Cori splashed through the dark water. Fumbling, she found the wall. It was too slick to climb. After wiping bangs off her wet forehead, she plunged her hand back into the water, then patted her jeans. She felt the Radix tucked inside her pocket. Hopefully, the vial was watertight.
It was dark down here, but she explored the submerged cavern. She drifted to a different wall, trying to make sense of this place. Then something cold slithered past her shoulder.
Chapter Forty-one
Bollingen
1:17 A.M.
Wurm was sliding on a spelunker’s headlamp when he heard Cori’s scream, harsh and piercing, from down in the watery chamber. He fed the rope’s free end into the Nekyia opening. Wiggling to squeeze inside, he followed the rope, easing in feetfirst. He crammed his large frame through the rectangular hole, scraping skin on his back.

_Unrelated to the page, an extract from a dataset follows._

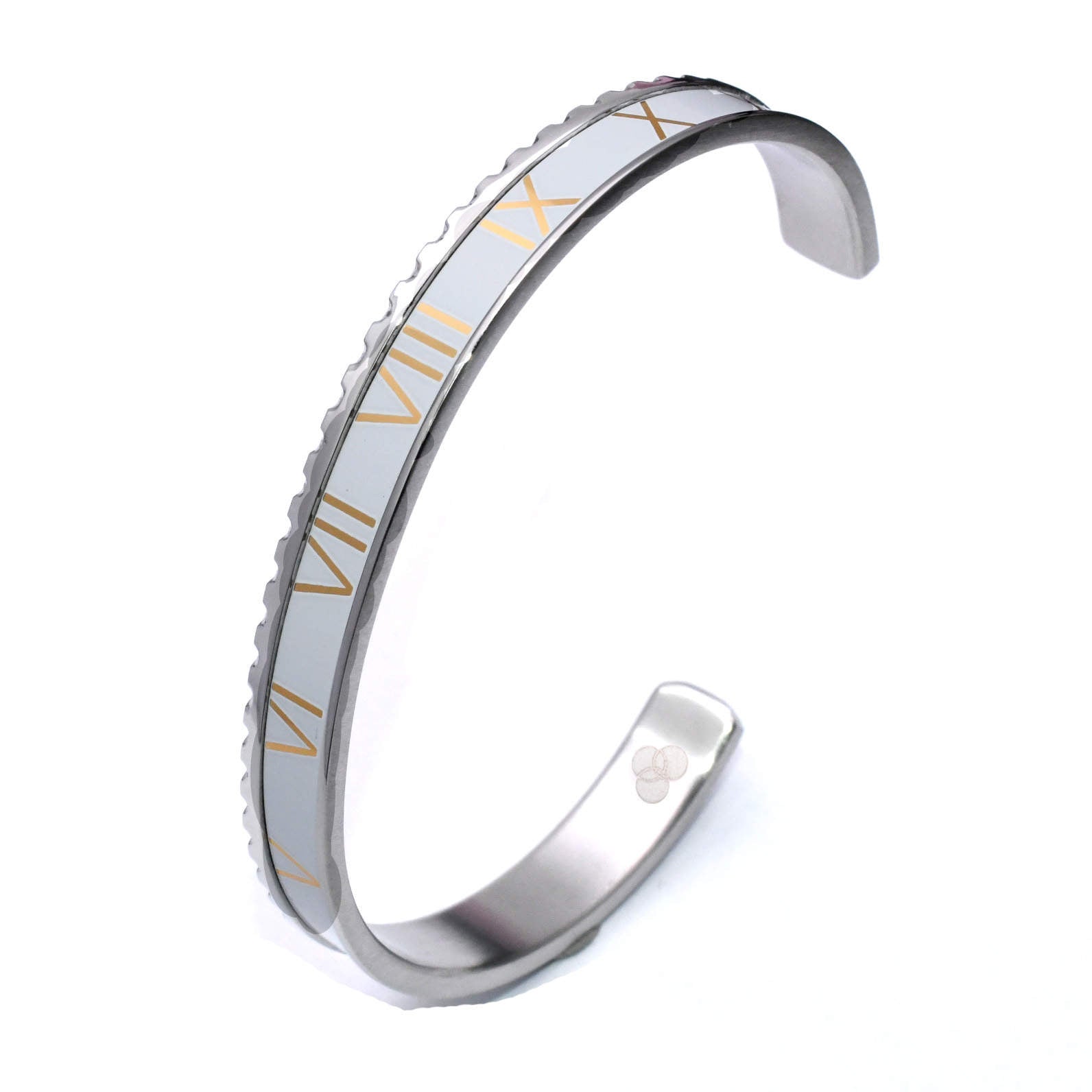 Das Roman Embrace Armband in elegantem Weiß ist ein zeitloses Schmuckstück, das römische Zahlen in Gold hervorgehoben in einem klassischen Design präsentiert. Hergestellt aus hochwertigem Edelstahl, bietet es eine robuste und dennoch stilvolle Ergänzung zu jedem Outfit. Perfekt für den täglichen Gebrauch oder besondere Anlässe, verleiht dieses Armband Ihrem Look eine historische Note.

Cori wouldn’t stop screaming.
“What’s wrong?” he yelled. He moved down the slide, clinging to the taut rope. Stopping at the slide’s level bottom, he held out his hand in the blackness and pulled her onto the landing. Dripping wet, she scrambled into his arms. Keeping his balance, he hugged her shivering body. He slid spelunker headgear on Cori, positioning the LED lamp on her forehead.
“There’s a snake down here,” she gasped. “I hate snakes.”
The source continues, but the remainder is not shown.